Commentary Magazine


Article Preview

The Holiness of Sin

- Abstract

NO CHAPTER IN the history of the Jewish people during the last several hundred years has been as shrouded in mystery as that of the Sabbatian movement. On one point, at least, there is no longer any disagreement: the dramatic events and widespread religious revival that preceded the apostasy of Sabbatai Zevi in 1666 form an important and integral part of Jewish history and deserve to be studied objectively, to the exclusion of moralistic condemnations of the historical figures involved. It has come increasingly to be realized that a true understanding of the rise of Sabbatianism will never be possible as long as scholars continue to appraise it by inappropriate standards, whether these be the conventional beliefs of their own age or the values of traditional Judaism itself. Today indeed one rarely encounters the baseless assumptions of “charlatanry” and “imposture” which occupy so prominent a place in earlier historical literature on the subject. On the contrary: in these times of Jewish national rebirth it is only natural that the deep though ultimately tragic yearning for national redemption to which the initial stages of Sabbatianism gave expression should meet with greater comprehension than in the past.

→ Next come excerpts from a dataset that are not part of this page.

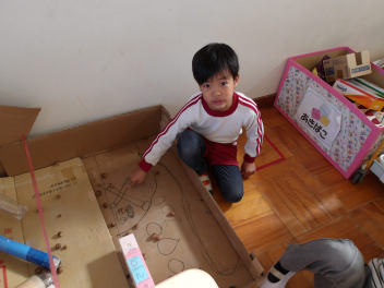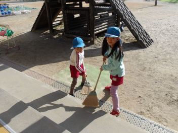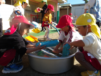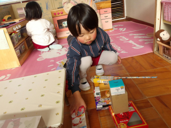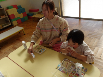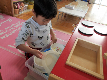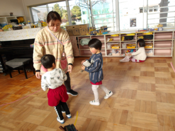と声を掛けても、遊びに夢中になりすぎて、なかなか後片付けに取り掛かれないこともあった3人でしたが、今日は、先生の声掛けにすぐに反応して、素早く後片付けに取り掛かることができていました。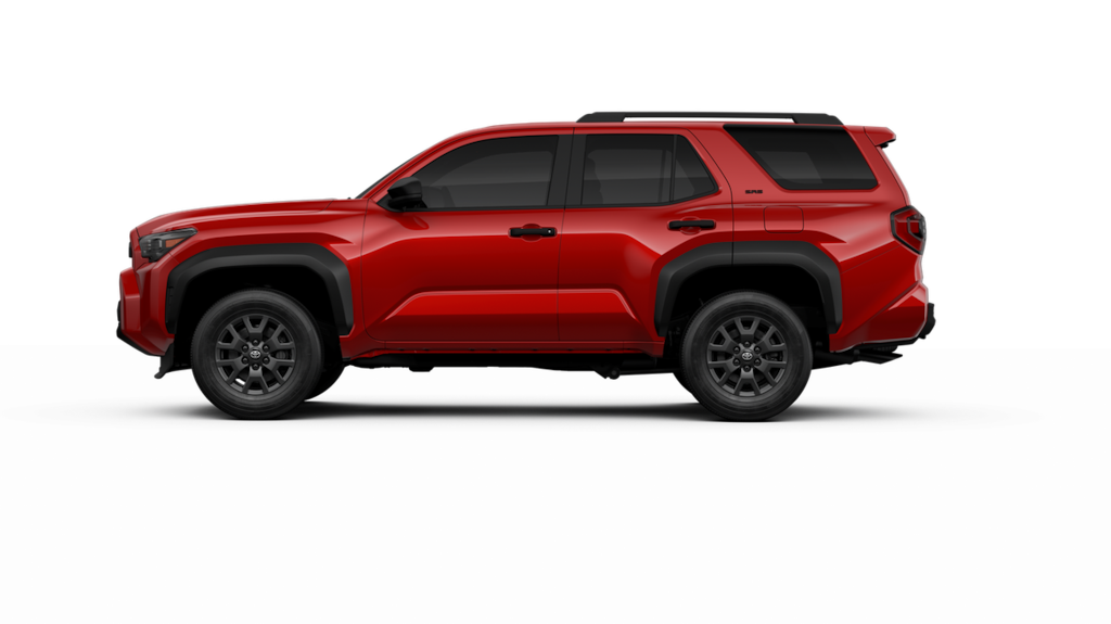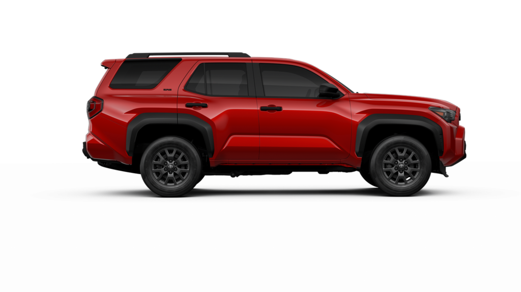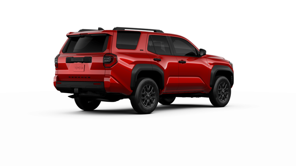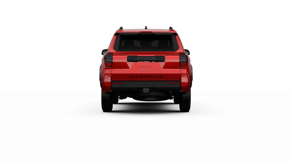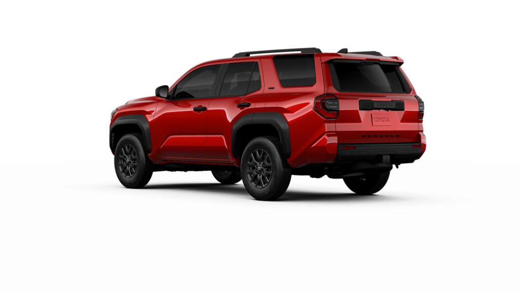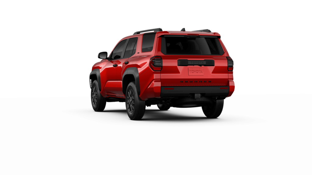 - Black horizontal-bar grille, mirror caps, door handles, and overfenders color-keyed rear spoiler black 'SR5' and '4RUNNER' badges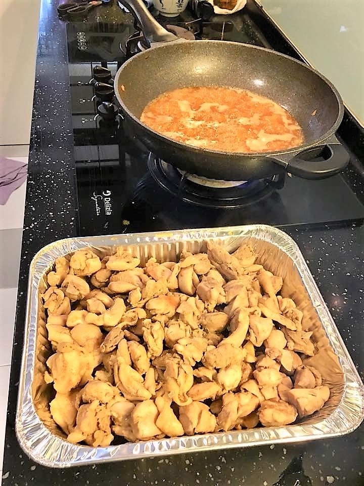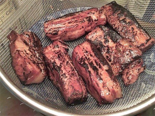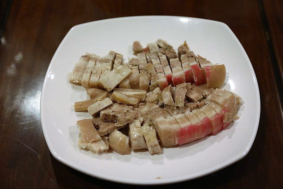 just put the marinade from braised belly pork in a small rectangular dish. cut & added the belly pork (which was slow braised 4hrs in 130degC oven together with the belly pork). placed in fridge & chilled for few hours. 🙂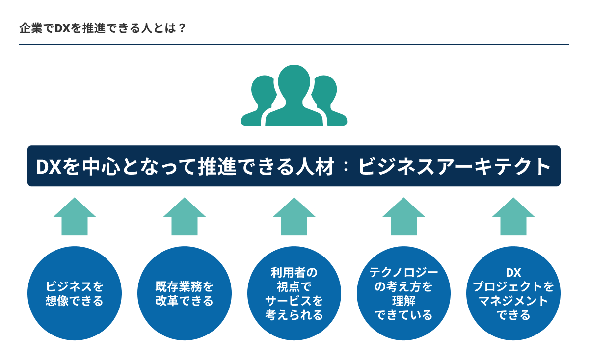 これらのスキルを持つビジネスアーキテクトが中心となることで、DXは成功へと近づきます。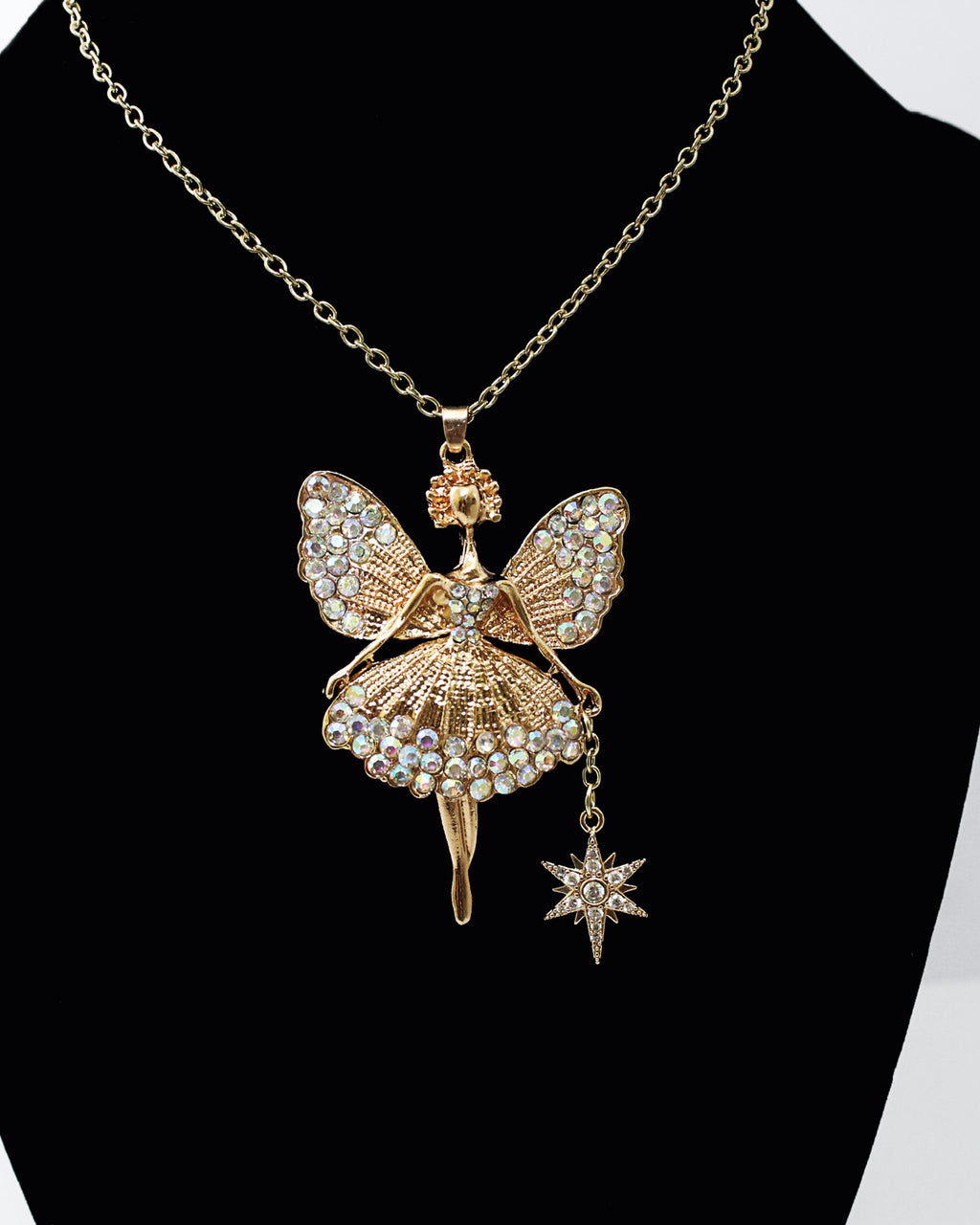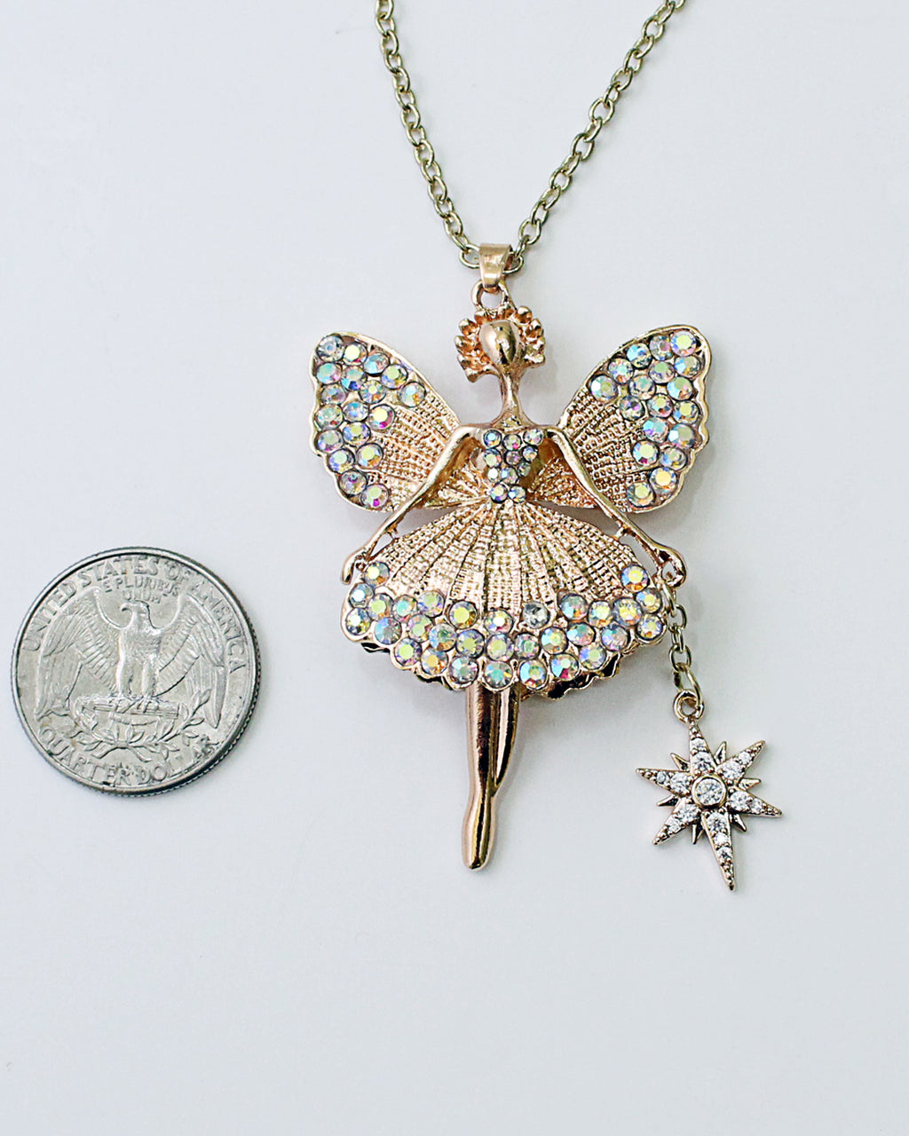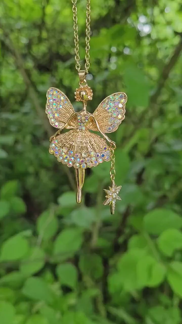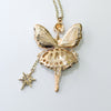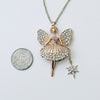 This magical fairy ballerina is gold toned and comes equipped with her very own starry wand and many sparkly rhinestones. Her legs swivel from side to side and she's wearing a puffy skirt. She measures 2-1/2" tall and 1-1/2" wide and will come on a gold color chain in the length of your choice.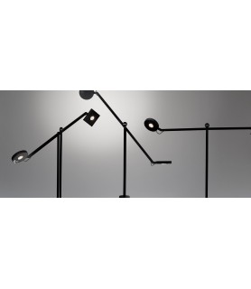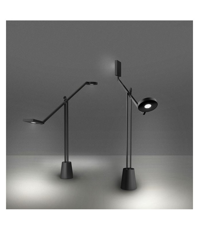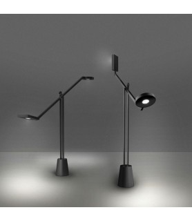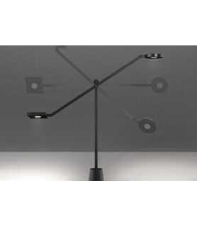 Two opposing heads are in dynamic balance at the ends of a see-saw: the round one has a lower light intensity than the square one.

In turning to consider the Sabbatian movement after Sabbatai Zevi’s conversion to Islam, however, we are faced with an entirely different situation. Here we find ourselves still standing before a blank wall, not only of misunderstanding, but often of an actual refusal to understand. Even in recent times there has been a definite tendency among scholars to minimize at all costs the significance of this “heretical” Sabbatianism, with the result that no adequate investigation yet exists of its spiritual foundations, its overall impact on 18th-century Jewry, or its ultimate fate. It is impossible, in fact, to read any of the studies that have been done in these areas without being astounded by the amount of invective directed against the leaders and adherents of the various Sabbatian sects. Typical of this approach is David Kahana’s A History of the Kabbalists, Sabbatians, and Hasidim (in Hebrew), but the angry moralizing that characterizes this volume has not been confined to any one historical school; rather, it has been shared by writers of widely differing points of view, secular as well as religious. The problem itself, meanwhile, remains as recondite as ever.